Hello, is the simulation asynchronous?

Please fill the custom gym env template completely. If you want a full video serie of SB3 and car racing (with open source code), you can take a look at: https://www.youtube.com/watch?v=ngK33h00iBE&list=PL42jkf1t1F7dFXE7f0VTeFLhW0ZEQ4XJV

Edited version: https://www.youtube.com/watch?v=jXVUig0muFI

araffin avatar Dec 18 '22 13:12 araffin

It is not asynchronous. It is from gym_ torcs , I did not modify it.

class TorcsEnv(gym.Env):
    terminal_judge_start = 500  # Speed limit is applied after this step
    # [km/h], episode terminates if car is running slower than this limit
    termination_limit_progress = 5
    default_speed = 50

    initial_reset = True

    def __init__(self):
        self.vision = False
        self.throttle = False
        self.gear_change = False

        self.initial_run = True

        # launch torcs
        os.system('pkill torcs')
        time.sleep(0.5)
        if self.vision is True:
            os.system('torcs -nofuel -nodamage -nolaptime  -vision &')
        else:
            os.system('torcs  -nofuel -nodamage -nolaptime &')
        time.sleep(0.5)
        os.system('sh autostart.sh')
        time.sleep(0.5)

        """
        # Modify here if you use multiple tracks in the environment
        self.client = snakeoil3.Client(p=3101, vision=self.vision)  # Open new UDP in vtorcs
        self.client.MAX_STEPS = np.inf

        client = self.client
        client.get_servers_input()  # Get the initial input from torcs

        obs = client.S.d  # Get the current full-observation from torcs
        """
        if self.throttle is False:
            self.action_space = spaces.Box(low=-1.0, high=1.0, shape=(1,))
        else:
            self.action_space = spaces.Box(low=-1.0, high=1.0, shape=(2,))
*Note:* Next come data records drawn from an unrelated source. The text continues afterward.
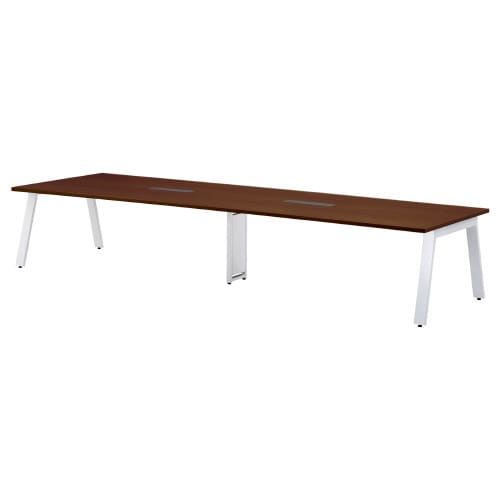ハの字脚で安定感抜群のビッグテーブル。中間脚はワイヤリングカバー付で床からの立上げ配線を収納。脚間が広い設計。脚にはレベル調整用のアジャスター付き。指紋などの汚れが目立ちにくい抗菌メラミン化粧板。 |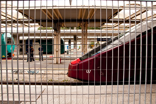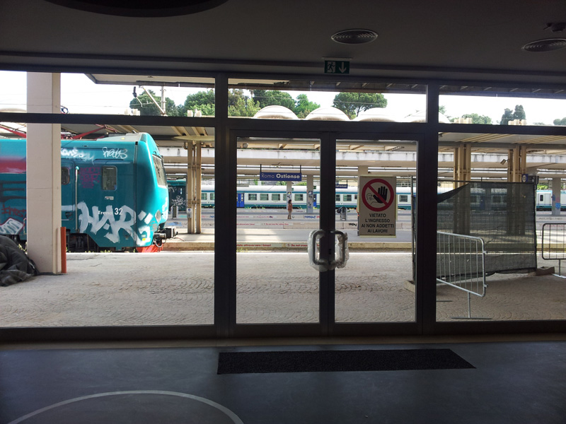 Poi l'attenzione si sposta su Ostiense, dove Nuovo Trasporto Viaggiatori ricorda che "una ridicola gabbia imprigiona i viaggiatori, costringendoli ad un'assurda ed insicura gimkana per raggiungere i binari", come testimonia una foto scattata durante l'allestimento di Casa Italo.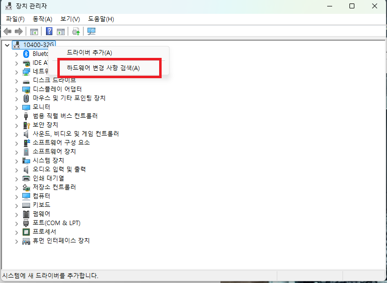 장치관리자에서 하드웨어 변경사항 검색을 하면 바로 인식한다.

        if self.vision is False:
            high_list = [1. for _ in range(5)]  # focus
            high_list += [np.inf for _ in range(3)]  # speedX, Y, Z
            high_list += [1. for _ in range(36)]  # opponents
            high_list += [np.inf]  # rpm
            high_list += [1. for _ in range(19)]
            high_list += [np.inf for _ in range(4)]
            high = np.array(high_list)

            low_list = [0. for _ in range(5)]
            low_list += [-np.inf for _ in range(3)]
            low_list += [0. for _ in range(36)]
            low_list += [-np.inf]
            low_list += [0. for _ in range(19)]
            low_list += [-np.inf for _ in range(4)]
            low = np.array(low_list)
            self.observation_space = spaces.Box(low=low, high=high)
        else:
            # TODO: vision obs space
            high = np.array(
                [1., np.inf, np.inf, np.inf, 1., np.inf, 1., np.inf, 255])
            low = np.array(
                [0., -np.inf, -np.inf, -np.inf, 0., -np.inf, 0., -np.inf, 0])
            self.observation_space = spaces.Box(low=low, high=high)

    def step(self, u):
        # convert thisAction to the actual torcs actionstr
        client = self.client

        this_action = self.agent_to_torcs(u)

        # Apply Action
        action_torcs = client.R.d

        # Steering
        action_torcs['steer'] = this_action['steer']  # in [-1, 1]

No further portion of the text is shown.